Provide a verbatim copy of the data below.

Dataset excerpts
********************

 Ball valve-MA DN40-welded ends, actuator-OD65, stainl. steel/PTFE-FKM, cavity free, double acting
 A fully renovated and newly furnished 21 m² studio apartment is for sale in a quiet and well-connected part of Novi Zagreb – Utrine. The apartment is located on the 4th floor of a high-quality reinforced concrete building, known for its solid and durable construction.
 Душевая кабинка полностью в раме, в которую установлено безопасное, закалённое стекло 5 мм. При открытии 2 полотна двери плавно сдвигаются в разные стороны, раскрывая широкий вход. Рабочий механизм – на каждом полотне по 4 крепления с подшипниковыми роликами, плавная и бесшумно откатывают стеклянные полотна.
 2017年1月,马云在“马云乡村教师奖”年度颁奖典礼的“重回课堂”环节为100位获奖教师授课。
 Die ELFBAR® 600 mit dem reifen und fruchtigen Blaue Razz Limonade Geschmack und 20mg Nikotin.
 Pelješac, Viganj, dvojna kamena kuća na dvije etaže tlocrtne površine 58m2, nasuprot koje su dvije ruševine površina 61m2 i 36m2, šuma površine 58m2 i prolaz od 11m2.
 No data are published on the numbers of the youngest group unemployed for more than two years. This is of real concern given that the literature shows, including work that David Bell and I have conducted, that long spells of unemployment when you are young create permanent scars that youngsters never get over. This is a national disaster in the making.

********************

_Result_:
 Ball valve-MA DN40-welded ends, actuator-OD65, stainl. steel/PTFE-FKM, cavity free, double acting
 A fully renovated and newly furnished 21 m² studio apartment is for sale in a quiet and well-connected part of Novi Zagreb – Utrine. The apartment is located on the 4th floor of a high-quality reinforced concrete building, known for its solid and durable construction.
 Душевая кабинка полностью в раме, в которую установлено безопасное, закалённое стекло 5 мм. При открытии 2 полотна двери плавно сдвигаются в разные стороны, раскрывая широкий вход. Рабочий механизм – на каждом полотне по 4 крепления с подшипниковыми роликами, плавная и бесшумно откатывают стеклянные полотна.
 2017年1月,马云在“马云乡村教师奖”年度颁奖典礼的“重回课堂”环节为100位获奖教师授课。
 Die ELFBAR® 600 mit dem reifen und fruchtigen Blaue Razz Limonade Geschmack und 20mg Nikotin.
 Pelješac, Viganj, dvojna kamena kuća na dvije etaže tlocrtne površine 58m2, nasuprot koje su dvije ruševine površina 61m2 i 36m2, šuma površine 58m2 i prolaz od 11m2.
 No data are published on the numbers of the youngest group unemployed for more than two years. This is of real concern given that the literature shows, including work that David Bell and I have conducted, that long spells of unemployment when you are young create permanent scars that youngsters never get over. This is a national disaster in the making.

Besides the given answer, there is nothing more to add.